━━━ Records to process
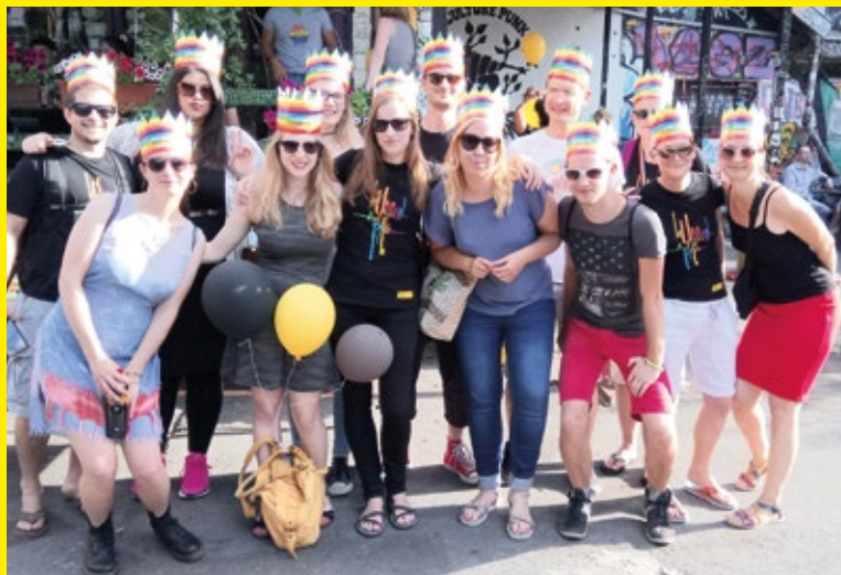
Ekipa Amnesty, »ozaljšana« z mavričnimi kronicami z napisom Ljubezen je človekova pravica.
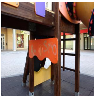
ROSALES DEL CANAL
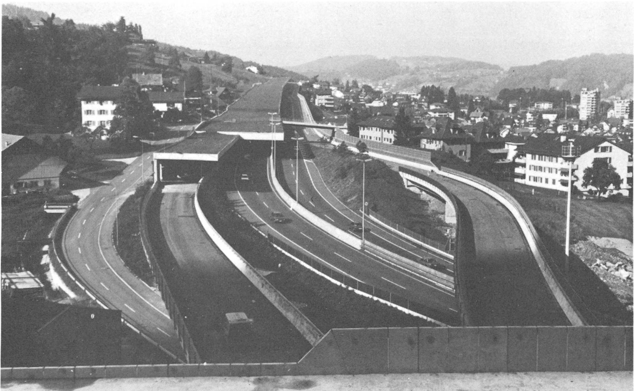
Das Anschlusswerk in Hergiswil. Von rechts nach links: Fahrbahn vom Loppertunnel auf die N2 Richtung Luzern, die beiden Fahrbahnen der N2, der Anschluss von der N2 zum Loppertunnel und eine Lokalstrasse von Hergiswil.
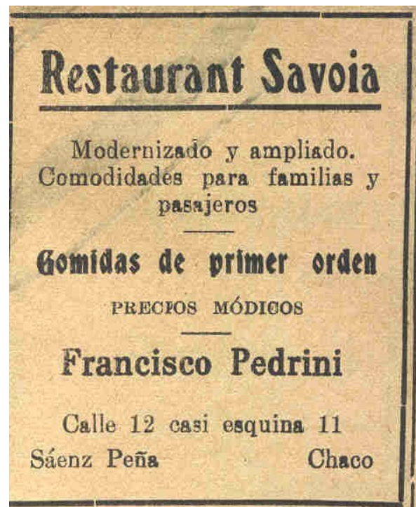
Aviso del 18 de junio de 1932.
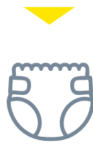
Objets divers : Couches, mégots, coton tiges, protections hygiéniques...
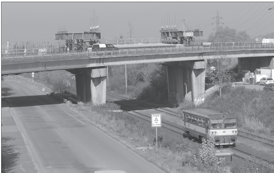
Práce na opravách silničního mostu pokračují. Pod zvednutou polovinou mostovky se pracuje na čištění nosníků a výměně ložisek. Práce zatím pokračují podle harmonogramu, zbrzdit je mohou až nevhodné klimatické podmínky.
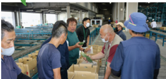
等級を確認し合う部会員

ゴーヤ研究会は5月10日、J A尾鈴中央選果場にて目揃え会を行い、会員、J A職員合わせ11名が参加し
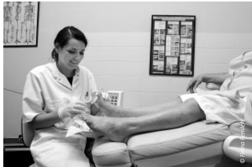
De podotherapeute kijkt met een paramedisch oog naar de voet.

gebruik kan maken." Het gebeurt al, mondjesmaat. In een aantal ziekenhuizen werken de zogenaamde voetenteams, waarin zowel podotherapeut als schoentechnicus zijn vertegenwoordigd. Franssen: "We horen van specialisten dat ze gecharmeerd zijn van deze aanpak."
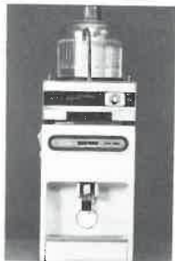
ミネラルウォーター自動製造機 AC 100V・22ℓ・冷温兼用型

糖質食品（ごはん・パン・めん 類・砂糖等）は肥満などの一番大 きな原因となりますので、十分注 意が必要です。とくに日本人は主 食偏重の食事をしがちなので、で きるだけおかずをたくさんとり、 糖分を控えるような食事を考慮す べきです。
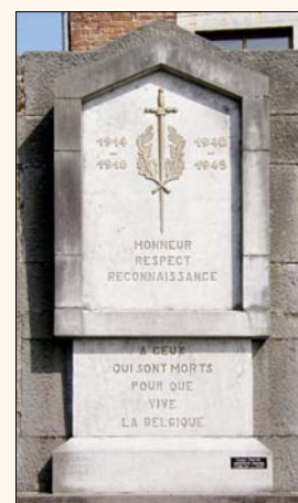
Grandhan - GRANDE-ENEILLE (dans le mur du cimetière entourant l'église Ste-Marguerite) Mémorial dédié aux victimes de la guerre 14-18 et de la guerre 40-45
━━━━━━
━━━ Records to process
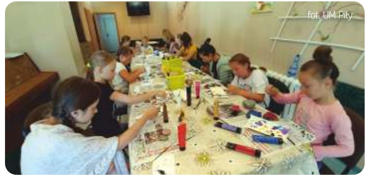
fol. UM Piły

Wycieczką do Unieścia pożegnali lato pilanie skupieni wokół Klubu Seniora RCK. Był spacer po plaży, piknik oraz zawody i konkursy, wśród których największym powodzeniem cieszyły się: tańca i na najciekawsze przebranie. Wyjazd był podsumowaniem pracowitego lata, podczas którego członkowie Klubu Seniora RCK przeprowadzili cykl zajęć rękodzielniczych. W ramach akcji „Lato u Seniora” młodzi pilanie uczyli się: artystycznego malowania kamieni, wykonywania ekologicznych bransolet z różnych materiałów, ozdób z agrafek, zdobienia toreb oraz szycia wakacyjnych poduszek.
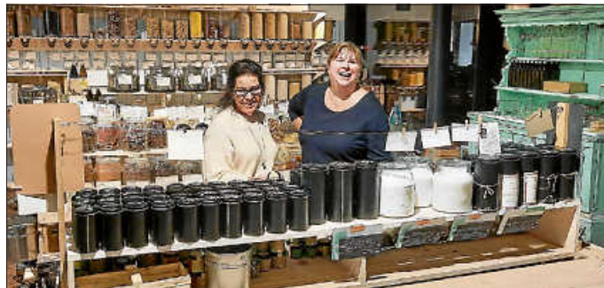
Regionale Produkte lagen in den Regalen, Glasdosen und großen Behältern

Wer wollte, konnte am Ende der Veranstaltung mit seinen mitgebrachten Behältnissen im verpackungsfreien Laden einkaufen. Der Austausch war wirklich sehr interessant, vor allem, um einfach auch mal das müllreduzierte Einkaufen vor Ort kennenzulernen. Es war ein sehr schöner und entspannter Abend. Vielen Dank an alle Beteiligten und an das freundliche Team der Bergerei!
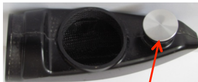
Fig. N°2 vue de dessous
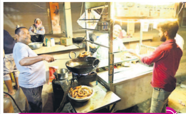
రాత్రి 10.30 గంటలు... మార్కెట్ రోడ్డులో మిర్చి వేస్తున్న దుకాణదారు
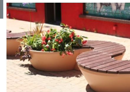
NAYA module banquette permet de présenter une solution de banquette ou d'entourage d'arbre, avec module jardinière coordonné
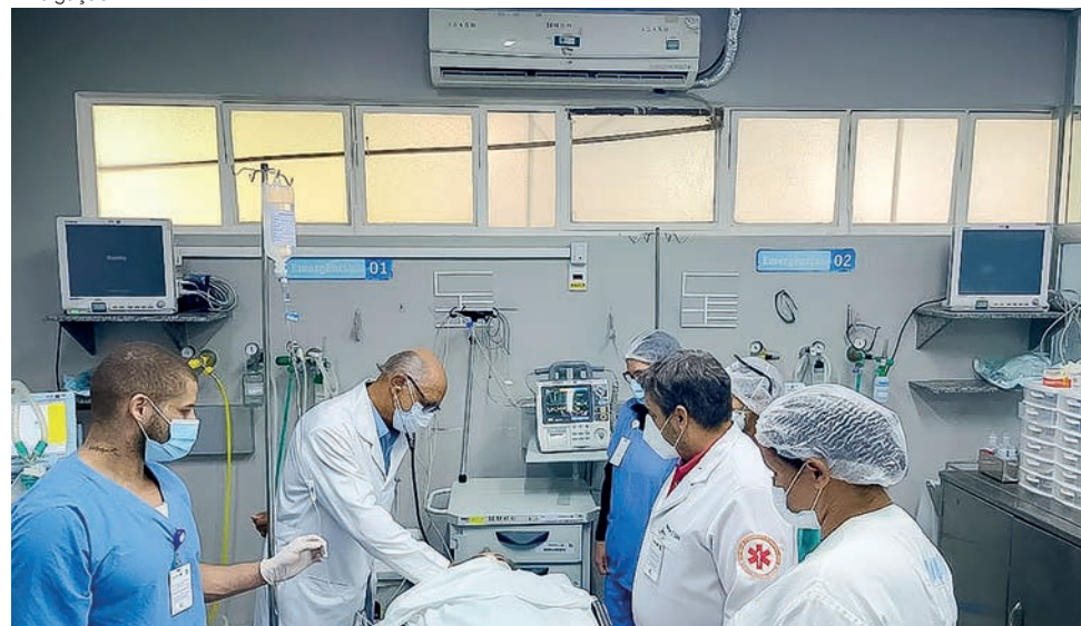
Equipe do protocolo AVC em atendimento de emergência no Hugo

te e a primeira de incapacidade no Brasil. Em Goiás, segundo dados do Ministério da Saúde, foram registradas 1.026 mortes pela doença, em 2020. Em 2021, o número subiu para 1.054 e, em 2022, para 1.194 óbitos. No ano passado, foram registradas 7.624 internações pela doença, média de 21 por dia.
━━━━━━
**Brief:**
Please repeat, exactly as written, the lines in the records above, starting with the one that has "NAYA module banquette" and going on through the one that has "Equipe do protocolo". Pictures are to be left out.

**Output:**
NAYA module banquette permet de présenter une solution de banquette ou d'entourage d'arbre, avec module jardinière coordonné
Equipe do protocolo AVC em atendimento de emergência no Hugo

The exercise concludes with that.